The main problem with the program is that it's very badly broken. You have six loops, none of which is working correctly.

First, if you were to actually write down the steps of your first loop and what part of card is copied to character0 at each step, you should find at the end that the last thing written to character[0] is card[1] and the last thing written to character[1] is card[1]. In other words, character0 ends up containing two copies of card[1], and card[0] ends up being ignored. Likewise card[2], card[4], card[6], card[8], and card[10] all will be ignored in your final calculations.

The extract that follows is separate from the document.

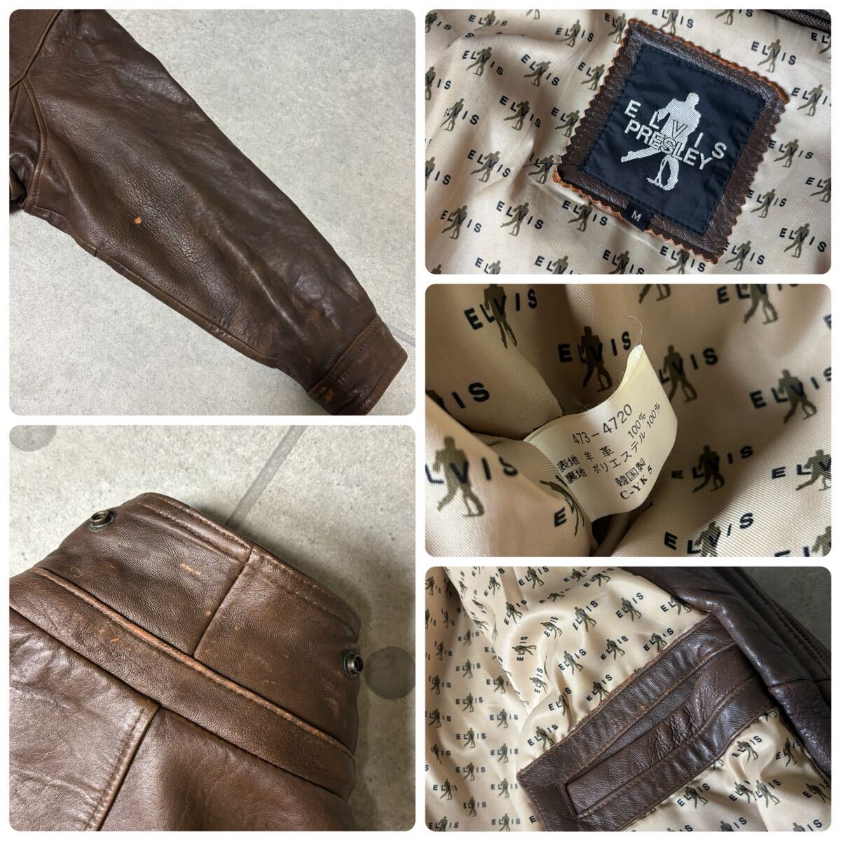 ELVIS PRESLEY フライトジャケット G-1 A-2 レザージャケット 羊革 エルヴィス・プレスリー ラムレザー 短丈 裏地柄 ブラウン M 收藏

A second serious defect is that you pass a string to strtol without putting a null terminator at the end of the string. Therefore you are telling strtol to parse the two characters you gave it plus whatever is after them in memory. "Whatever is after" might be a null character, which will give you the result you want, or it might be some other non-hexadecimal character, which also will give you the result you want, or it might be one or more hexadecimal characters, which usually will give you a wrong result. When I tried running your code in an online compiler and gave it the input 112233445566, and inserted printf("n = %x %x %x %x %x %x\n", n0, n1, n2, n3, n4, n5); near the end to see what six numbers it got, the output was

11 2211 332211 44332211 44332211 44332211

This tells me something about how that particular compiler laid out the twelve bytes of memory for character0 through character5. It also tells me you were asking for undefined behavior when you called your strtol functions. This is basic test and debugging that you should have done before posting here.

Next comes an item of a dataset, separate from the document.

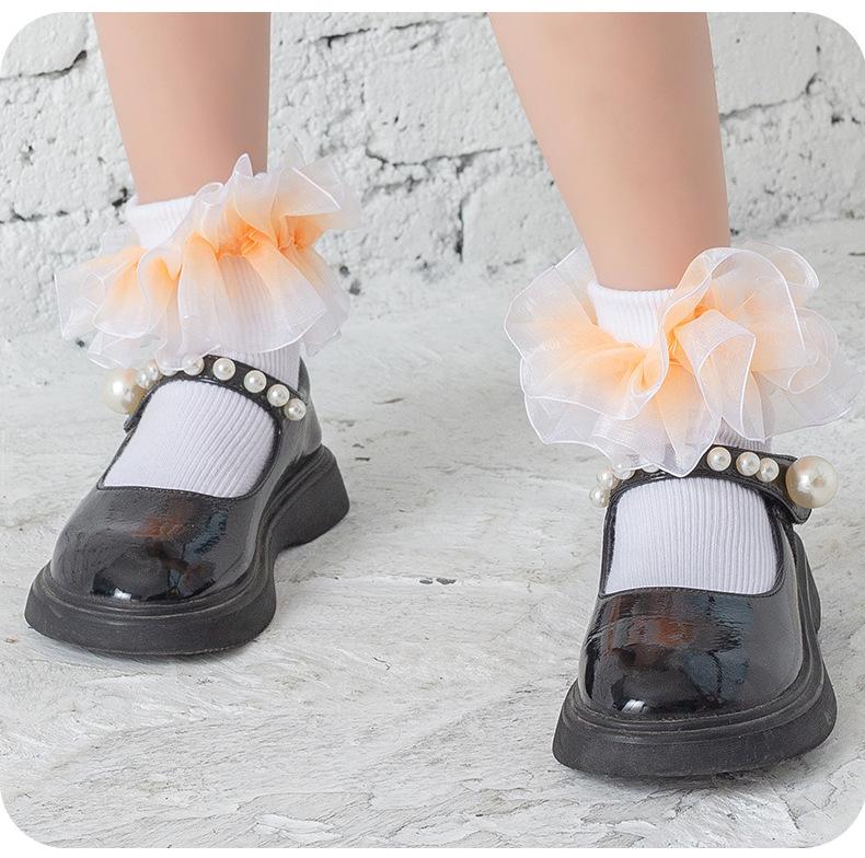 Calcetines de niña Calcetines de encaje para niños Calcetines de princesa de encaje doble Calcetines de baile para niñas pequeñas Primavera y otoño Dulce

There is a third defect, that n0^n1^n2^n3^n4==n5 does not work the way you meant it to, but you already have realized that this needs to be looked into.


Now my recommendation. My main recommendation is to write smaller functions. You could do the whole thing very compactly in one function via loops, but I recommend smaller functions because small functions force you to think about what each one is doing by itself: what are the inputs, exactly, what is the output, what is the task the function has to perform. If you name your function well, it will even make the code more self-documenting.

A smaller function that seems obvious to me is:

Take two characters from card. Parse them as a hexadecimal number, turning them into an integer in the range 0 to 255, and return that integer.

It's also fairly obvious that you'll end up calling the function six times, due to the way the larger function's specification is written:

card[] contains six pairs of characters. The first five pairs make up a hexadecimal number, the last pair contains the checksum.

Now you just need to figure out how to pass each pair of characters to your function. For example, if you name the function convertCharacterPairToNumber you might pass the second pair like this:

convertCharacterPairToNumber(card[2], card[3])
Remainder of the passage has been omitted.